Result 1: Correlations between algorithmic metrics and human ratings are generally weak and strongly dataset-dependent. For example, in the Mushroom dataset, sparsity and proximity showed moderate negative correlations with user ratings (r=-0.38 to -0.64).
Result 2: Increasing the number of metrics used in predictive models does not lead to reliable improvements, indicating structural limitations in how current metrics capture criteria relevant for humans.
Result 3: In the Heart Disease dataset, correlations between all metrics and user ratings were non-significant, indicating substantial differences in metric-user perception relationships across datasets.

Significance

The significance of this study lies in revealing that widely used counterfactual evaluation metrics fail to reflect key aspects of explanation quality as perceived by users. This underscores the need for more human-centered approaches to evaluating explainable AI. The findings challenge the common practice of treating automated counterfactual metrics as reliable proxies for human evaluation, emphasizing the necessity of assessments that better reflect human judgment in XAI systems.

Technical Contribution

Technical contributions include revealing a structural mismatch between algorithmic metrics for counterfactual explanations and user perception. The study demonstrates that existing automated metrics perform inconsistently across different datasets and fail to reliably predict user evaluations of explanation quality. This provides a theoretical basis for developing more human-centered evaluation methods.

Novelty

This study is the first to systematically compare algorithmic metrics for counterfactual explanations with human perception. Unlike previous studies, it not only focuses on individual metric correlations but also analyzes the predictive power of metric combinations, revealing the limitations of existing metrics.

Limitations

Limitation 1: The study uses only three datasets, which may not comprehensively represent all possible application scenarios.
Limitation 2: Participants' backgrounds and experiences may influence the subjectivity of ratings, not fully eliminating individual differences.

Future Work

Future research could extend to more datasets and application scenarios to verify the generalizability of current findings. Additionally, new evaluation metrics could be developed to better capture user-perceived explanation quality, advancing human-centered evaluation methods.

AI Executive Summary

In the field of artificial intelligence, explainability is a key factor in building trust. Counterfactual explanations, as an important method, can demonstrate changes in model predictions through minimal modifications to input instances. However, the metrics currently used to evaluate counterfactual explanations are primarily algorithmic and rarely validated against human judgments. This raises a critical question: do these metrics truly reflect user perception?

This study addresses this question by empirically comparing algorithmic evaluation metrics with human judgments.

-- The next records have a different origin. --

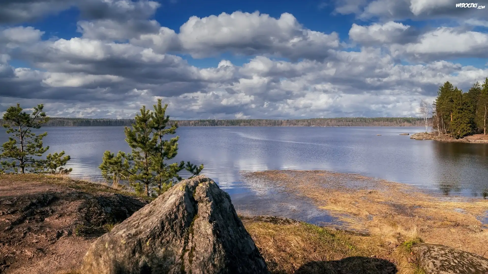 Zdjęcia, Jezioro, Lato, Drzewa, Chmury
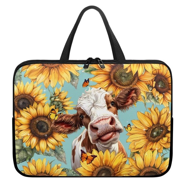 Dolyues Computer Bag 10-17 Inches Laptop Bag Cow and Sunflower Computer Briefcase Water-Repellent Bag for Travel Work College Lightweight
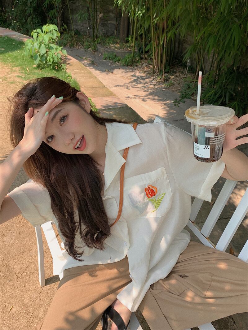 2022年の新しい香港スタイルの半袖刺繍シャツ女性の夏の小さな新鮮なフレンチシックで美しいトップスと小さなデザインセンス レッド サマー 夏物 7460033490277577 | framboise21
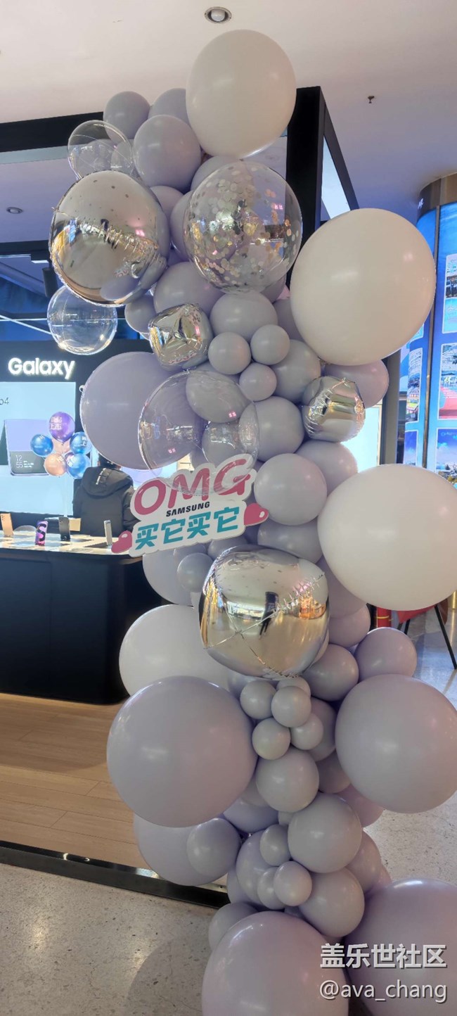 忽然發(fā)現(xiàn),活動(dòng)現(xiàn)場(chǎng)的氣球拱門顏色也是淡紫色,嗯嗯,果然三星的審美在線,現(xiàn)場(chǎng)看的話,還是挺有feel的嘛! ???????
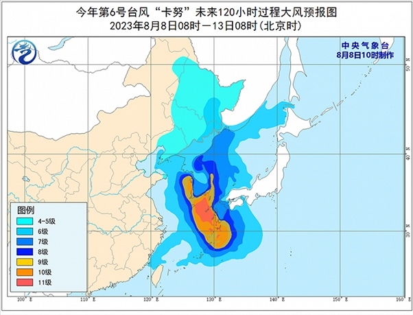 預(yù)計今年第6號臺風(fēng)“卡努”將以每小時10公里左右的速度向北移動,強度將有所增強,8月10日上午將在韓國南部沿海登陸,預(yù)計登陸時強度為強熱帶風(fēng)暴級或臺風(fēng)級(28~33米/秒,10~12級),11日夜間進入我國東北地區(qū)境內(nèi),并逐漸減弱變性為溫帶氣旋。
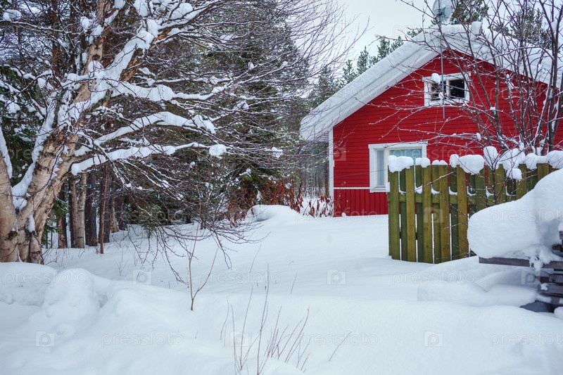 Красный деревянный финский дом
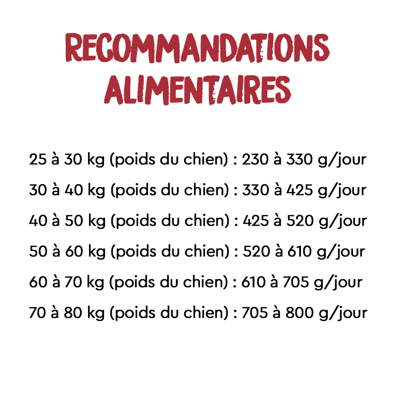 Ce produit a été spécialement conçu pour répondre aux besoins nutritionnels des chiens de grande taille, ceux pesant à partir de 26 kilogrammes. Une formule a été élaborée pour s'adapter parfaitement à leur taille et à leur appétit.
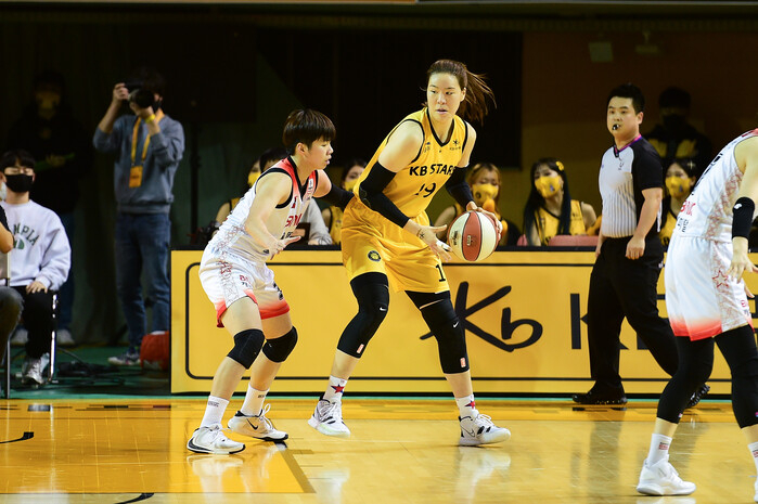 청주 KB스타즈는 20일 청주체육관에서 열린 삼성생명 2021~2022 여자프로농구 정규리그에서 부산 BNK 썸을 74-66으로 꺾었다. 22승 1패로 정규리그 1위 확정에 1승만 남겨놓게 됐다. 2위 아산 우리은행(15승 8패)와는 7게임 차.
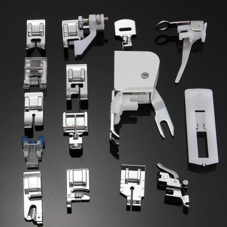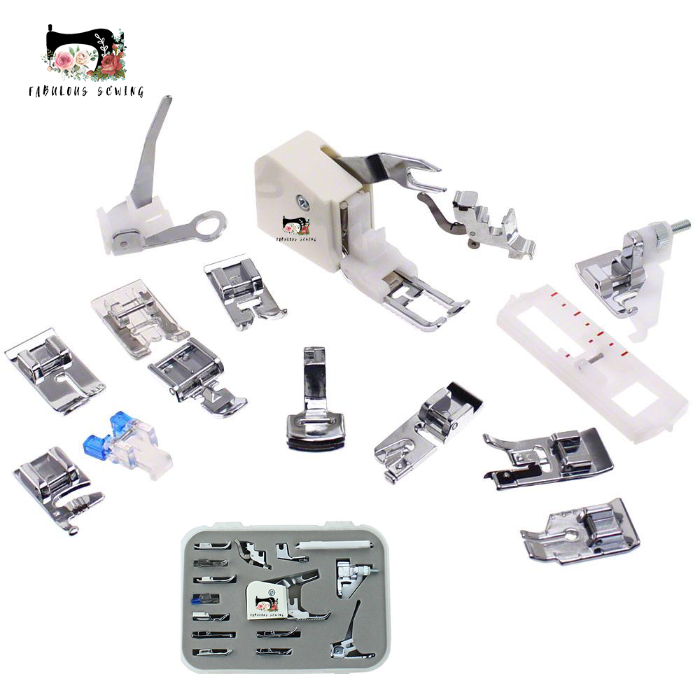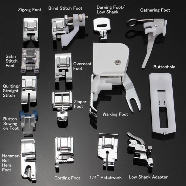 Package included - Low shank adapter for all purpose, foot, buttonhole satin, stitch foot, quilting, straight site, button sewing on foot, Zipper foot, hemmer roll hem foot ,blind stitch foot, cording foot, Overcast foot, 1/4 patchwork darning foot, Low shank gathering foot, Walking fot.
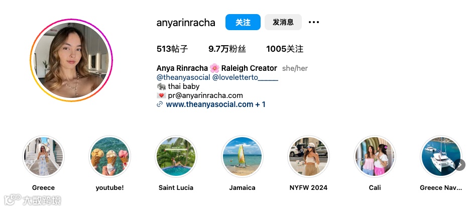 Anya Rinracha,一位Lifestyle类的红人,经常分享自己的旅行和日常生活,她的内容很有网感,这也是为什么她能从素人成长为一个全职红人的原因。
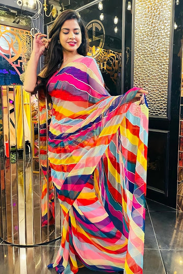 Buy this New saree design 2022 for girls Party wear. Launching new demanding Premium soft georgette saree with Leriya print & Sequence work.

It uses three datasets: Mushroom, Obesity Levels, and Heart Disease. Participants rated counterfactual explanations across multiple perceived quality dimensions, which were then related to a comprehensive set of standard counterfactual metrics. The study analyzed both individual relationships and the extent to which combinations of metrics could predict human assessments.

The results show that correlations between algorithmic metrics and human ratings are generally weak and strongly dataset-dependent. For example, in the Mushroom dataset, sparsity and proximity showed moderate negative correlations with user ratings, indicating a preference for counterfactuals involving fewer and smaller changes. In contrast, in the Obesity Levels dataset, users preferred more information-rich explanations. Moreover, increasing the number of metrics used in predictive models does not lead to reliable improvements and may even degrade performance, indicating structural limitations in how current metrics capture criteria relevant for humans.

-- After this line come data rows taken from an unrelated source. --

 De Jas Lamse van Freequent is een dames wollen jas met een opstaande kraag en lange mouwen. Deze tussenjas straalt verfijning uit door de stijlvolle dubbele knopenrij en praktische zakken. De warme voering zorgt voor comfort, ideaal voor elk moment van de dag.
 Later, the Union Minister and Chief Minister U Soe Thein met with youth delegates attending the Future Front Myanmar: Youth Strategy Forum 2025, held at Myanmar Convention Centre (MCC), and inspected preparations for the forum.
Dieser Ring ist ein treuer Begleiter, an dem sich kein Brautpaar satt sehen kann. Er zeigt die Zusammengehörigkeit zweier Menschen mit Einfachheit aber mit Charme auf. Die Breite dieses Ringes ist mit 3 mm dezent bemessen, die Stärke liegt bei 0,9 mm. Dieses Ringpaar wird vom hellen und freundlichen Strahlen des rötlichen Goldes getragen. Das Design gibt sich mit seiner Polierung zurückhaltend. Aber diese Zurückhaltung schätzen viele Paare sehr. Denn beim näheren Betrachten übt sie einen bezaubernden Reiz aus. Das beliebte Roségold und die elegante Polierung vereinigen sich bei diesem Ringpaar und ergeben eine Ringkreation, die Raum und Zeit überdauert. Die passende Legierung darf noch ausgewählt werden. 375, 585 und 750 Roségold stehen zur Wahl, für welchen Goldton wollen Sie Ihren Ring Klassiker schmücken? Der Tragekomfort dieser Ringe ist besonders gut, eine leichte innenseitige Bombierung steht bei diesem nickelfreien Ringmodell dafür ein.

These findings challenge the common practice of treating automated counterfactual metrics as reliable proxies for human evaluation, emphasizing the necessity of assessments that better reflect human judgment in XAI systems. The study reveals that widely used counterfactual evaluation metrics fail to reflect key aspects of explanation quality as perceived by users, underscoring the need for more human-centered approaches to evaluating explainable AI.

Deep Analysis

Background

As machine learning systems are increasingly deployed across various fields, transparency and user understanding become crucial. Counterfactual explanations provide a way to show how minimal modifications to input instances can change model predictions. This method aligns with the natural human reasoning of 'what if' scenarios, making it prominent in explainable artificial intelligence (XAI) research. To evaluate the quality of counterfactual explanations, researchers have proposed a range of algorithmic metrics, such as sparsity and proximity. However, these metrics often lack empirical validation against human perception. This lack of validation is not uncommon in the XAI field, as similar issues have been observed with faithfulness metrics for feature attribution methods, where correlations are weak and can lead to contradictory rankings. Therefore, it is crucial to investigate whether automated metrics capture what users value in explanations.

Core Problem

The core problem is whether the algorithmic metrics currently used to evaluate counterfactual explanations truly reflect user perception. While these metrics are computationally feasible, it remains unknown if they capture the aspects of explanations that users find meaningful, useful, or trustworthy. Existing metrics are typically applied in isolation, lacking comparative validation against human judgments. This leads to a critical research question: can empirical studies reveal the relationship between these metrics and user perception, thereby advancing more human-centered evaluation methods?

Innovation

The core innovations of this study include systematically comparing algorithmic metrics for counterfactual explanations with human perception for the first time. Specific innovations include:

1. Conducting empirical studies using three different datasets (Mushroom, Obesity Levels, Heart Disease) to ensure diversity and generalizability of results.

2. Analyzing individual metric-user rating relationships and exploring the predictive power of metric combinations in human assessment.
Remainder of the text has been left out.